◆ DATA LISTING
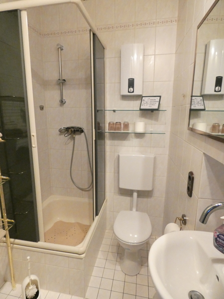 Vier Treppenstufen höher befindet sich das Badezimmer (Dusche, WC), welches über den Flur erreicht wird.
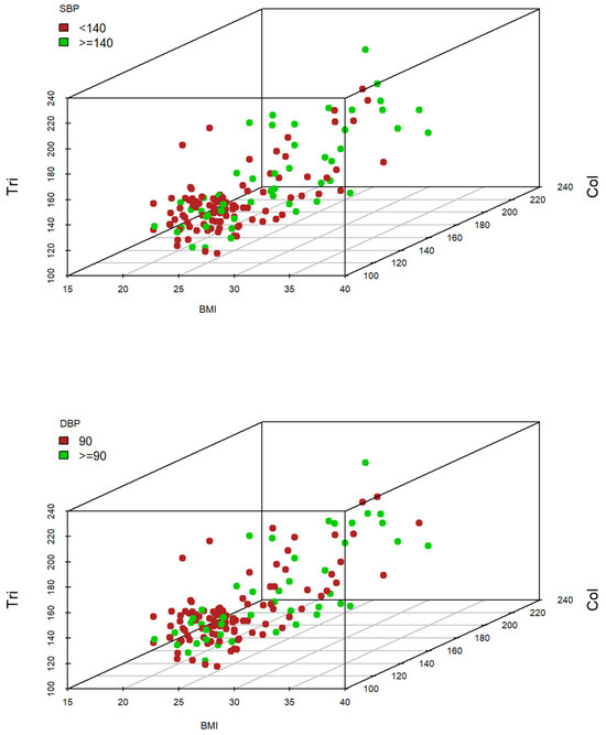 The cholesterol (Chol) variable, jointly with triglycerides (Tri) and BMI, provides adequate classifiers both for systolic and diastolic ATH, as shown by 3D scatterplots in Figure 3 since high values of these variables are identified simultaneously with high values of ATH (green dots).
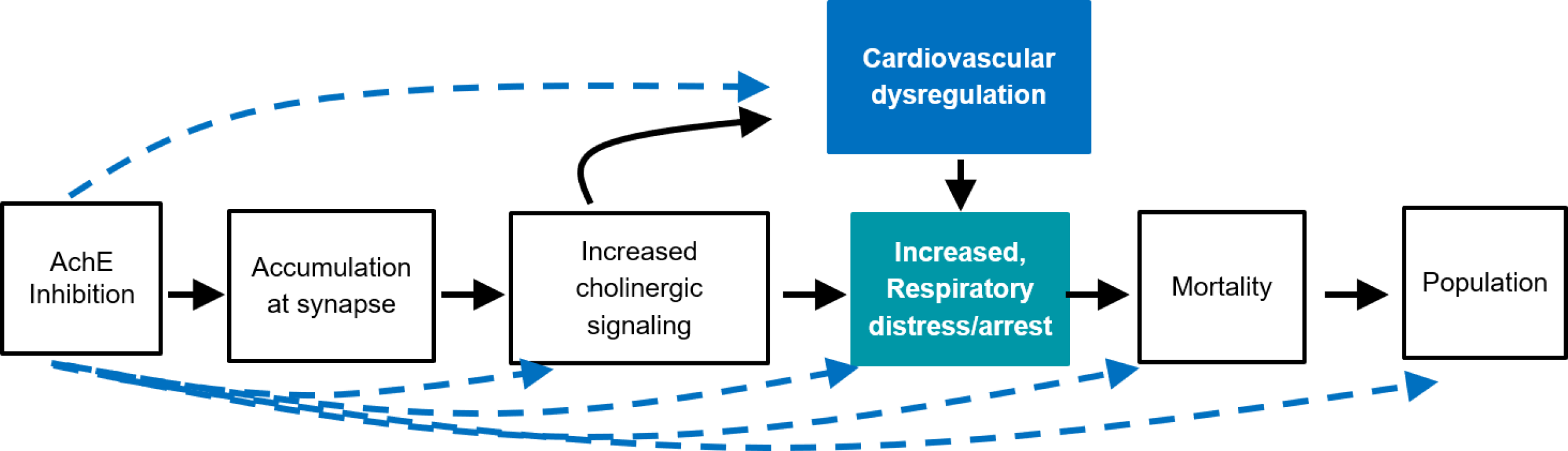 | AchE Inhibition leads to Increased Mortality | non-adjacent | High | Moderate |
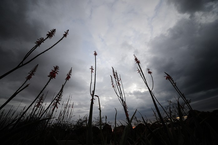 [프레스뉴스] 채정병 특파원=28일(현지시간) 사해 인근에 핀 알로에 꽃대가 하늘 위로 서 있다.
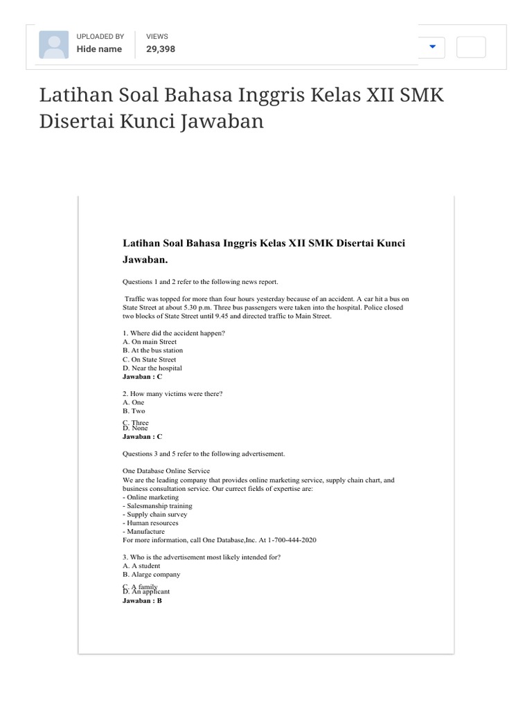 Download Soal Bahasa Inggris Kelas Xii Smk Dan Kunci Jawaban Doc
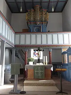 Die Orgel wurde im Jahr 1712 mit sieben oder acht Registern auf einem Manual und ohne Pedal erbaut. Als Erbauer wird aufgrund der Gehäusegestaltung ein Vertreter der Orgelbauerfamilie Grieb aus Griedel vermutet.[23] Der Prospekt ist dreiteilig: Der überhöhte, mittlere Rundturm wird von zwei Pfeifenfeldern flankiert, deren mittlere Pfeifen in einer Spitze hervortreten (so auch bei den Orgeln in Sichertshausen und Griedel). Das Schleierwerk, das die Pfeifenfelder nach oben abschließt, und die seitlichen „Orgelohren“ bestehen aus vergoldetem Akanthuswerk mit Voluten. An den vier Lisenen sind Kordeln mit Knospen und Fruchtgehängen, unterhalb der Pfeifenfelder ein durchlaufendes, profiliertes Kranzgesims angebracht. Die farbliche Fassung des Gehäuses ist blau mit einem roten Fries bei beiden Gesimsen und einzelnen vergoldeten Profilleisten. Eine geschwungene Konsole vermittelt zwischen dem schmaleren Untergehäuse und dem breiteren Oberteil. Johann Hartmann Bernhard reparierte das Werk im Jahr 1838, seine Enkel, die Gebrüder Bernhard, erneut im Jahr 1879.[24]

◆ PROBLEM REQUIREMENTS
Exactly reproduce the lines that run from the first line of the listing above to the line containing "Download Soal Bahasa", including both; omit the pictures.

◆ OUTPUT
 Vier Treppenstufen höher befindet sich das Badezimmer (Dusche, WC), welches über den Flur erreicht wird.
 The cholesterol (Chol) variable, jointly with triglycerides (Tri) and BMI, provides adequate classifiers both for systolic and diastolic ATH, as shown by 3D scatterplots in Figure 3 since high values of these variables are identified simultaneously with high values of ATH (green dots).
 | AchE Inhibition leads to Increased Mortality | non-adjacent | High | Moderate |
 [프레스뉴스] 채정병 특파원=28일(현지시간) 사해 인근에 핀 알로에 꽃대가 하늘 위로 서 있다.
 Download Soal Bahasa Inggris Kelas Xii Smk Dan Kunci Jawaban Doc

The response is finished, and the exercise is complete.